However, despite all the protests of Hegel and his followers to the contrary, Hegel’s synthesis of everything into a single whole failed to encompass what in reality is everything. At each stage of argument the philosopher had to ask again and again, ‘what is the world?’ An adequate answer to this question would encompass everything, but constantly something that is was left out. It eventually became apparent that ‘something being left out’ was not a lack in the skills of the philosopher; rather the defect was structural. In principle philosophy can never adequately answer the question, ‘What is the world,’ because philosophy from its origin was restricted to deal exclusively with what is something, but something is not everything that is. The most notable first philosophical thinker to sense this limitation was Kierkegaard.
B. Kierkegaard
It is Kierkegaard’s rejection of Hegel’s ‘All’ that leads to the new philosophy. Kierkegaard recognized that what always, in principle, is not encompassed by the All is the consciousness of individual sin and redemption. A distinct emphasis has to be placed on all four nouns in his recognition – consciousness, the individual, sin, and redemption. All four are not something. Consciousness is consciousness of something but is not itself something of which there can be consciousness. The individual is something to the extent that it is general, but to the extent that it is general it is not individual. Sin is falling short of being good. Good is something, but sin, being a lack of good, is nothing positive. Similarly, redemption is the projection of an ideal that serves as a standard for moral perfection. As such, in principle it never is anything. The good expresses what ought to be, rather than what is, and in this sense, in principle redemption never is anything that is.

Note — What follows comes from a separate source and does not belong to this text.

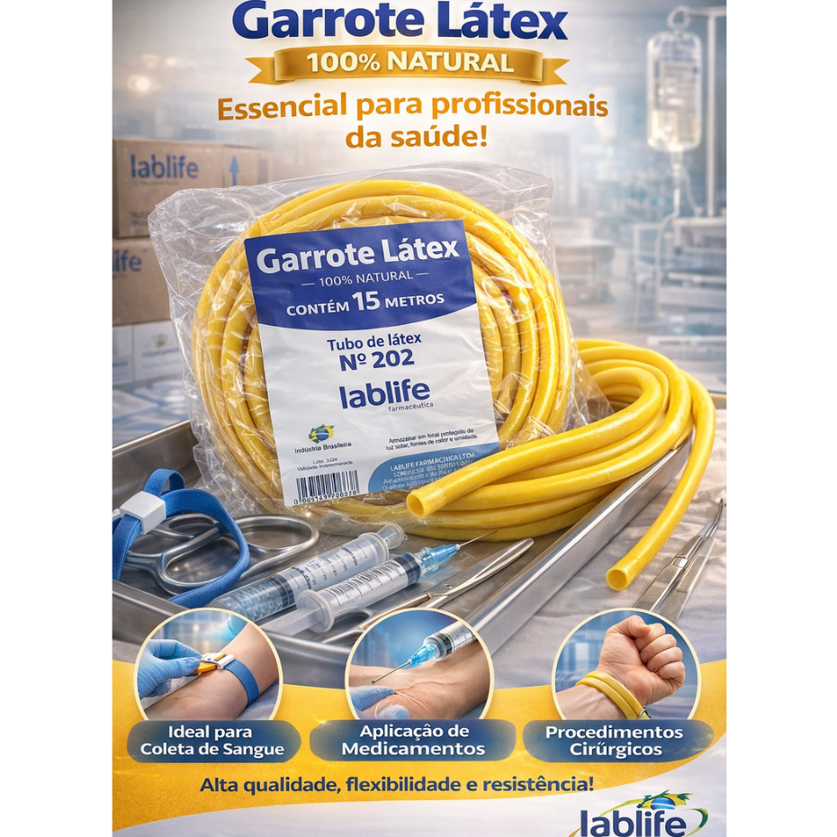 Tubo Látex Garrote 202 Profissional 15 Metros Hospitalar Flexível Resistente Enfermagem Laboratório

A brief word more may be necessary about what it means to say that the individual cannot be anything positive. To say what something individual is involves naming the individual as a subject and predicating of the subject some attribute. For example, Socrates is mortal, or Mary is fat, or Jacob is short, etc. In each case the subject term is a name, and the predicate term is general, for, if it were not, but were instead also a proper name, then the sentence would not be informative; it would be merely an assertion of verbal identity. For example, to say ‘Ibn Gabirol is Avicebrol’ in itself tells us nothing about Ibn Gabirol and/or Avicebrol. It only says that these two names refer to a single individual, but it says nothing about that referent. Consequently, information about what an individual is can be affirmed only through general terms and not proper names. However, no conjunction of general terms, no matter how long, can ever be identical with the subject of whom it is affirmed. For example, to say that ‘John (proper name) is a horse (general term)’ is to affirm something (the attribute) of something else (the subject), but it does not say that ‘John is horse’, i.e., it does not say that ‘John’ (subject) and ‘horse’ (attribute) are identical. In principle what can be predicated of an individual necessarily is not identical with the subject, so that, in principle, what an individual is (i.e., what answers the question what it is) is not what an individual is (i.e., is not identical with the individual). An individual as an individual is always something other than whatever it is.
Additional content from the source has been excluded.